Copy the records below exactly, starting at the line that contains "U型亮片树叶火烈鸟带杯托靠背充气躺椅便携式PVC加厚水上充气浮排" and ending at the line that contains "VenmoPRICE IS FIRM."; leave out any pictures.

RECORDS FOR THIS TASK »
══════════
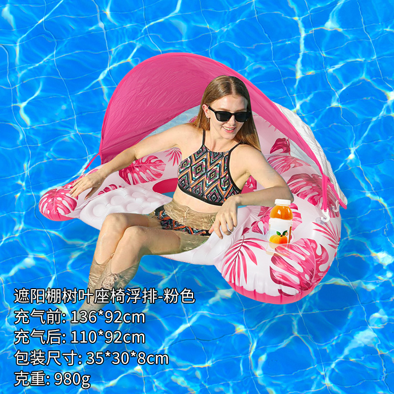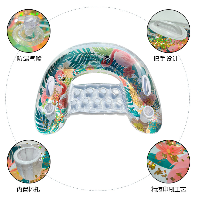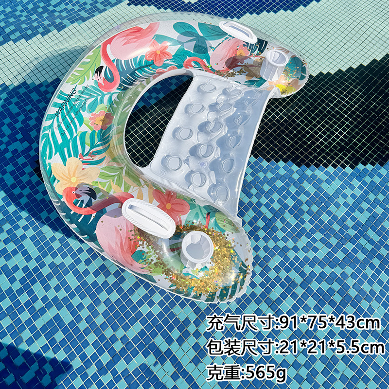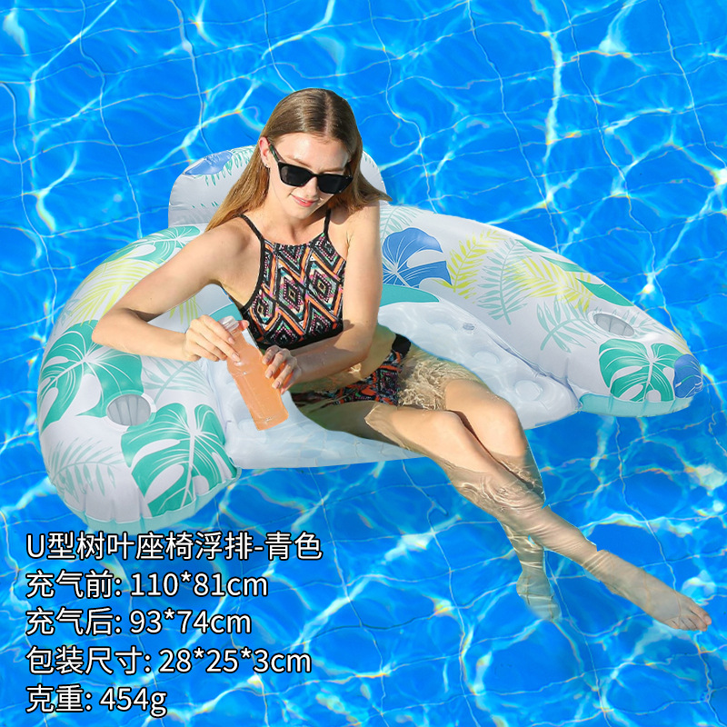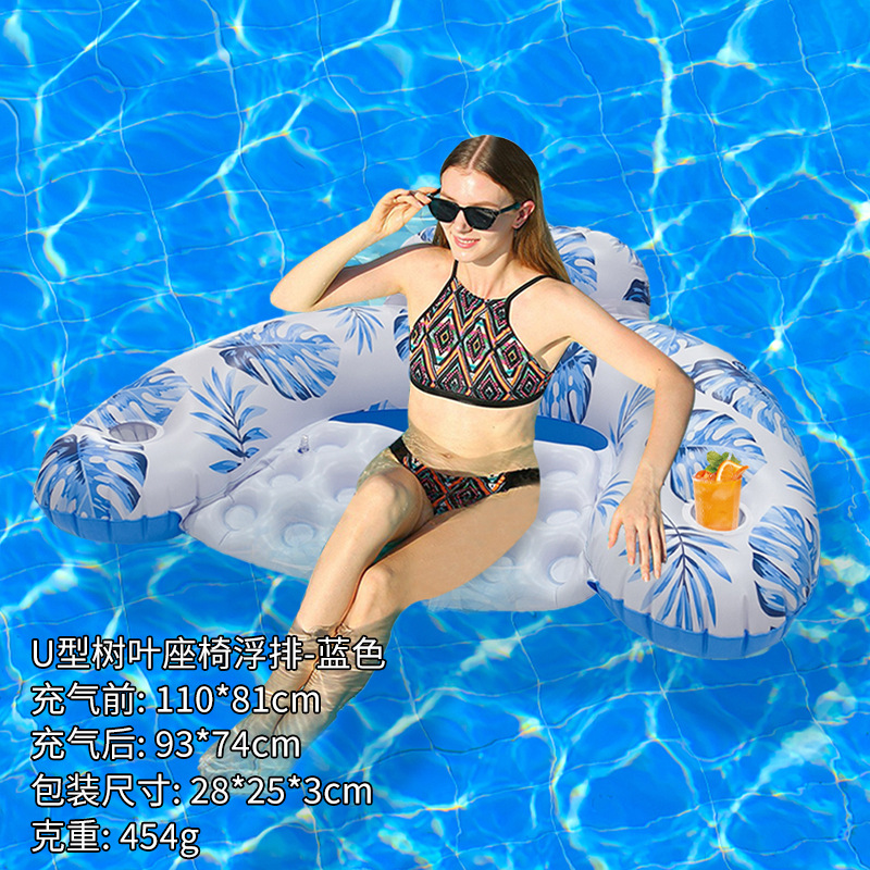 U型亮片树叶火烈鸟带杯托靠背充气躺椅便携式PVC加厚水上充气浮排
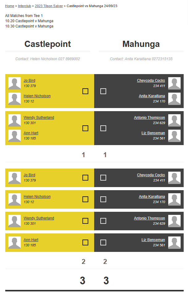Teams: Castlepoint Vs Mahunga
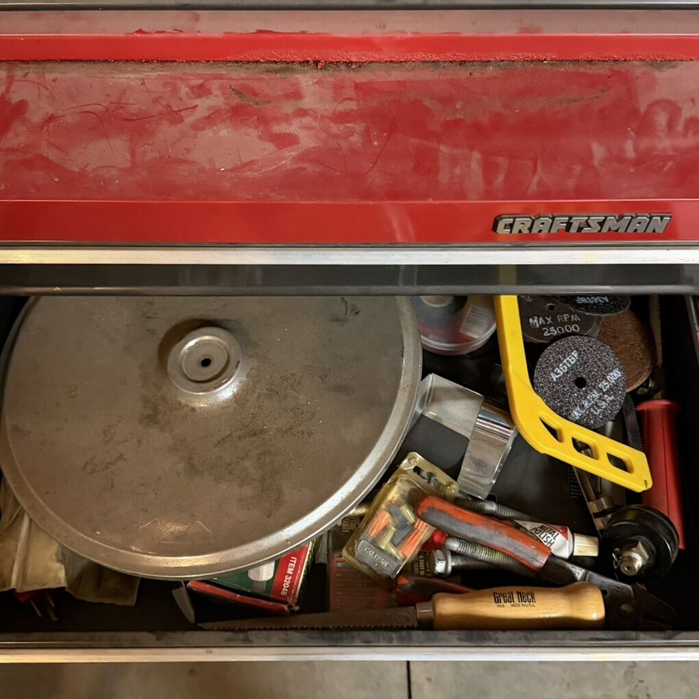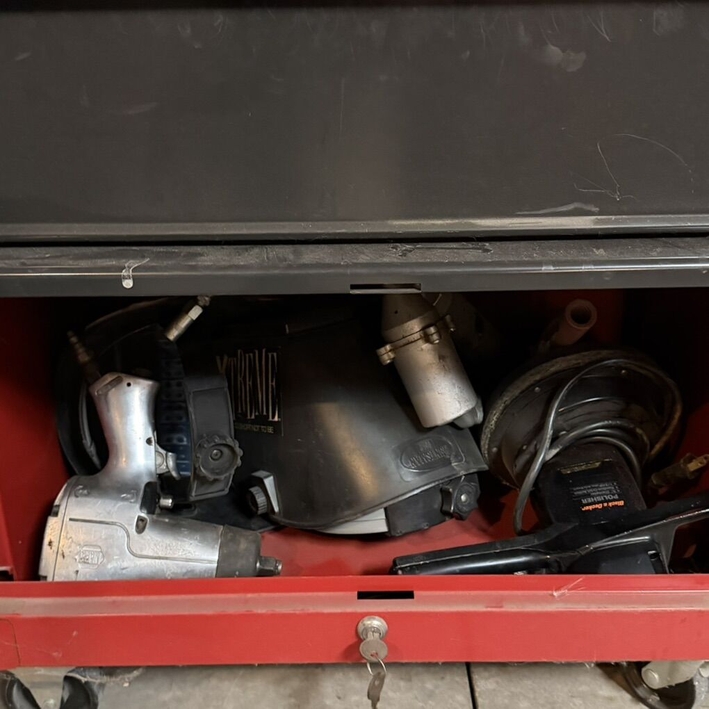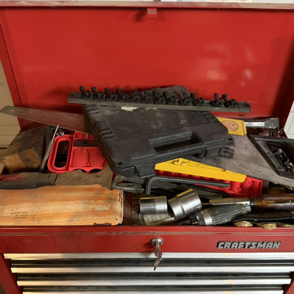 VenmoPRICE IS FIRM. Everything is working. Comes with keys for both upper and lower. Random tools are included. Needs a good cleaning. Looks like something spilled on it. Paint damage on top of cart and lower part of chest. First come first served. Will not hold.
══════════
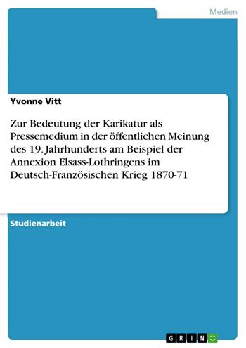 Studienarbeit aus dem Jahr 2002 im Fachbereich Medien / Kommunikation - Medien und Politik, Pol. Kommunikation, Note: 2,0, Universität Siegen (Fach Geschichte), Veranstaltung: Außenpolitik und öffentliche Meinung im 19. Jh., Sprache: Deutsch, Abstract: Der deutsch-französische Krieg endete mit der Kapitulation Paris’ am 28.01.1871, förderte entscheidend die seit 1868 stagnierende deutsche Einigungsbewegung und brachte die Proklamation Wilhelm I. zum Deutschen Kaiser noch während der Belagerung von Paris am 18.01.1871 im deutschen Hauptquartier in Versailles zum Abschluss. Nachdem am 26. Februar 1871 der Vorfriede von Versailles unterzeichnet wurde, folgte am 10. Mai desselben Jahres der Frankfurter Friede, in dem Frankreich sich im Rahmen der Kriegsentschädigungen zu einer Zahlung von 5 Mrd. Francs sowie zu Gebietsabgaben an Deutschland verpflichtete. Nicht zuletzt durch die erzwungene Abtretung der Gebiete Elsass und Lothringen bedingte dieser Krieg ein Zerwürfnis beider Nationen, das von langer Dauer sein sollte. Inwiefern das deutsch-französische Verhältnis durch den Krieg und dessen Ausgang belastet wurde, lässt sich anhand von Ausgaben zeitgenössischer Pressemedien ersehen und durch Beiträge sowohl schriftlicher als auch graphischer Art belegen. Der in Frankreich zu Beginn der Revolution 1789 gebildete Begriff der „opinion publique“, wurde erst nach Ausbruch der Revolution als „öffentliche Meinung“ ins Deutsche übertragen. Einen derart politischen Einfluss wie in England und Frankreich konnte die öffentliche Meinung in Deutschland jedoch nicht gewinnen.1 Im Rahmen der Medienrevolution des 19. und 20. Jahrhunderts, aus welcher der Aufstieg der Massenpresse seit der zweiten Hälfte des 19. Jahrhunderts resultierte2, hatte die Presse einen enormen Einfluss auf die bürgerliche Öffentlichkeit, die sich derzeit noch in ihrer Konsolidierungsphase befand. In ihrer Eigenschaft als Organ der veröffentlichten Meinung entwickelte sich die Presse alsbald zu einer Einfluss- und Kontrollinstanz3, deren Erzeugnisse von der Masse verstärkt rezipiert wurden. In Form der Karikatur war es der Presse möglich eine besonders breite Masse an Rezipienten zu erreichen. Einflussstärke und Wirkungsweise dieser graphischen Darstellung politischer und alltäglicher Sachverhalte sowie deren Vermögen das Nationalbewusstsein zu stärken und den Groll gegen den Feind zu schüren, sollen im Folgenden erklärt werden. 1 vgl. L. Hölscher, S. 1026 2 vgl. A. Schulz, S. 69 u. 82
══════════
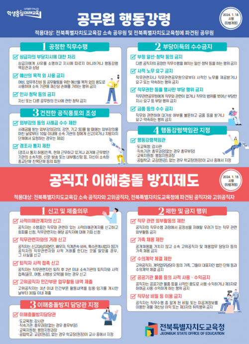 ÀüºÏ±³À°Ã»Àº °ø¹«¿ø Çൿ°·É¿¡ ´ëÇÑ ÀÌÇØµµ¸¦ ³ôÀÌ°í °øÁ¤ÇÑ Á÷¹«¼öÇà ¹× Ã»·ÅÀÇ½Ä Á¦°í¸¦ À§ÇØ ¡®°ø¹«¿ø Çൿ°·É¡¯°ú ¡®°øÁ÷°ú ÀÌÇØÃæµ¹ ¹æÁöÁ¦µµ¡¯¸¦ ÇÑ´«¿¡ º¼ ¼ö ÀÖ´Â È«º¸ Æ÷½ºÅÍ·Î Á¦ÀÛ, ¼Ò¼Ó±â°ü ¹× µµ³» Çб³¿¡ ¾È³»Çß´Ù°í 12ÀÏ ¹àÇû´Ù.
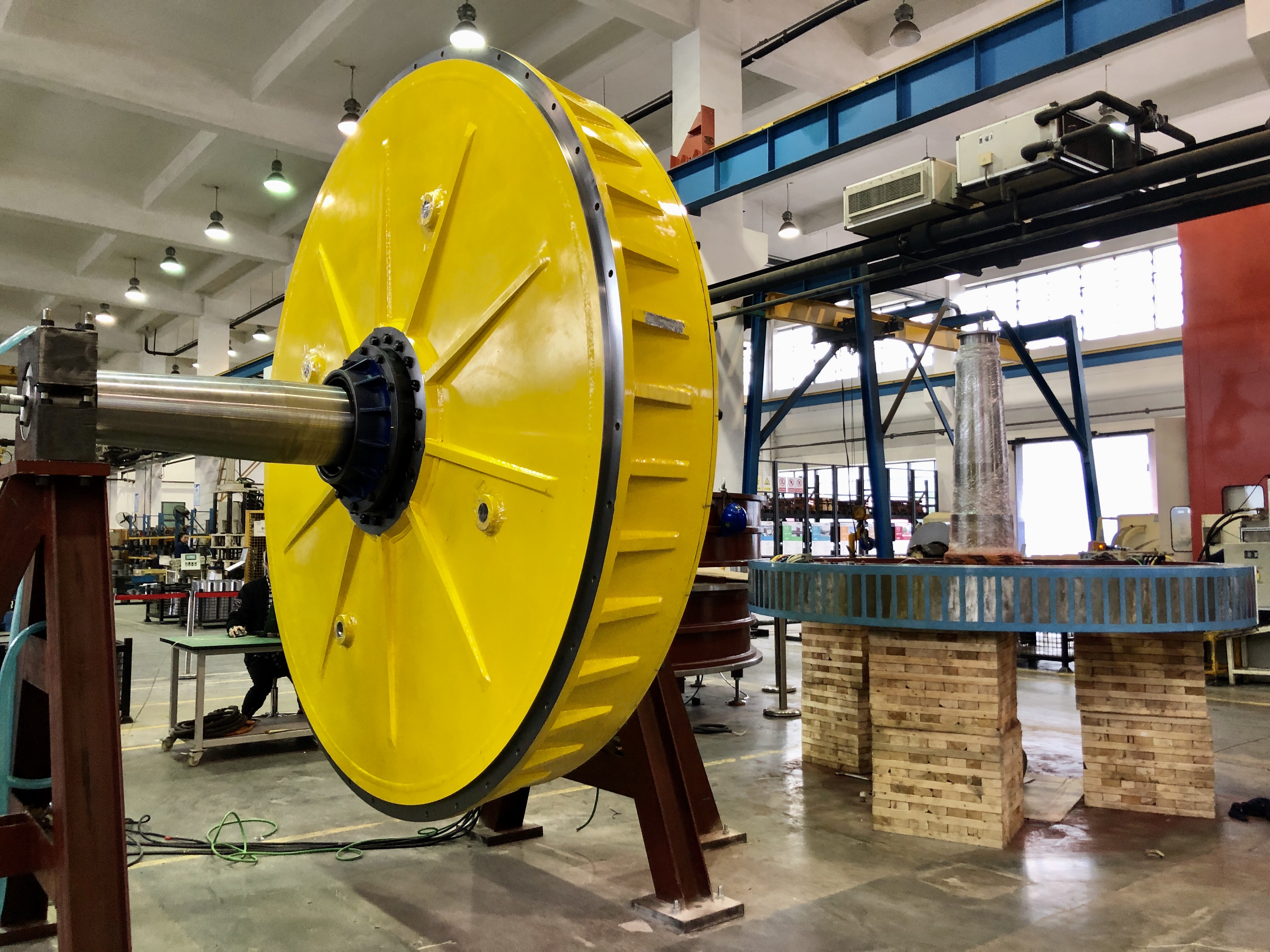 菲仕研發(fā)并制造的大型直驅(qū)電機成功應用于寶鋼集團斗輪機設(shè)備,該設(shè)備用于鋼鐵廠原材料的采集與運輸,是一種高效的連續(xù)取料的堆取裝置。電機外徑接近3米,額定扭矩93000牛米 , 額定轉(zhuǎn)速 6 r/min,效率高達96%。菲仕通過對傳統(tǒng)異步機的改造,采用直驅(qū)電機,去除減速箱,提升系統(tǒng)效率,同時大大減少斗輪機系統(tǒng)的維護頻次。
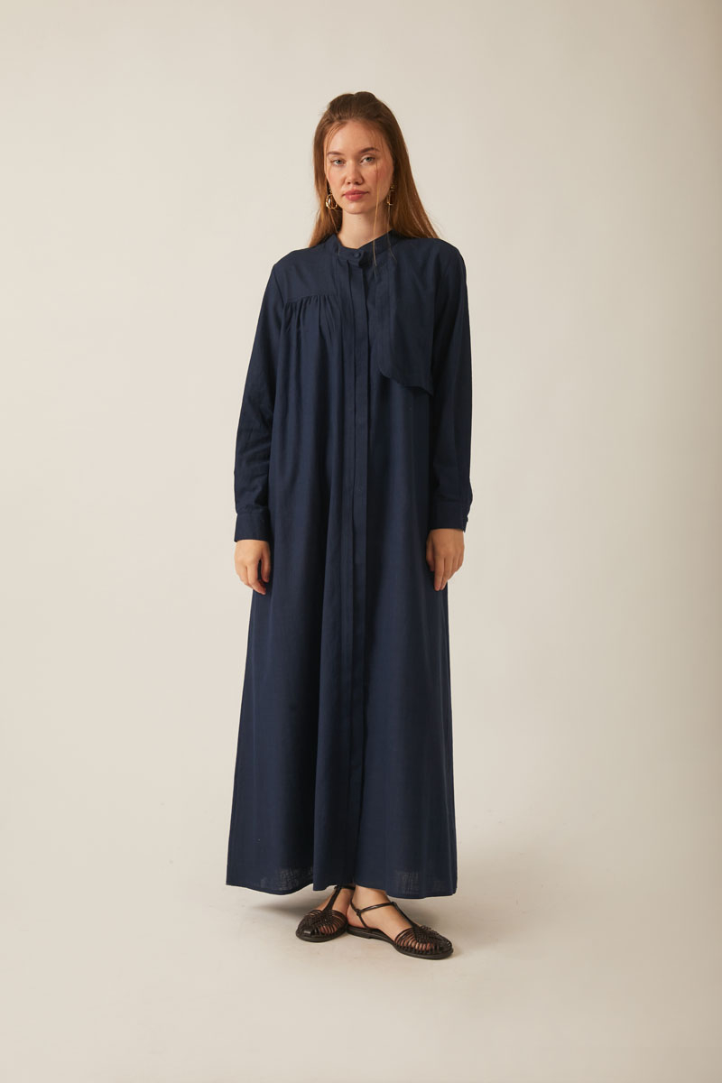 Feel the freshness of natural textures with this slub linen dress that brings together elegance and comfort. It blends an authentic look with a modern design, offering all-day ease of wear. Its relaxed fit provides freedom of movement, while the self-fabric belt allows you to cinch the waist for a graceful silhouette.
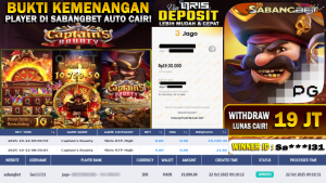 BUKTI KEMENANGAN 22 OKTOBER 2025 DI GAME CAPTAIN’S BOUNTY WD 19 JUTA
══════════
RESPONSE TO THIS TASK »
 U型亮片树叶火烈鸟带杯托靠背充气躺椅便携式PVC加厚水上充气浮排
Teams: Castlepoint Vs Mahunga
 VenmoPRICE IS FIRM. Everything is working. Comes with keys for both upper and lower. Random tools are included. Needs a good cleaning. Looks like something spilled on it. Paint damage on top of cart and lower part of chest. First come first served. Will not hold.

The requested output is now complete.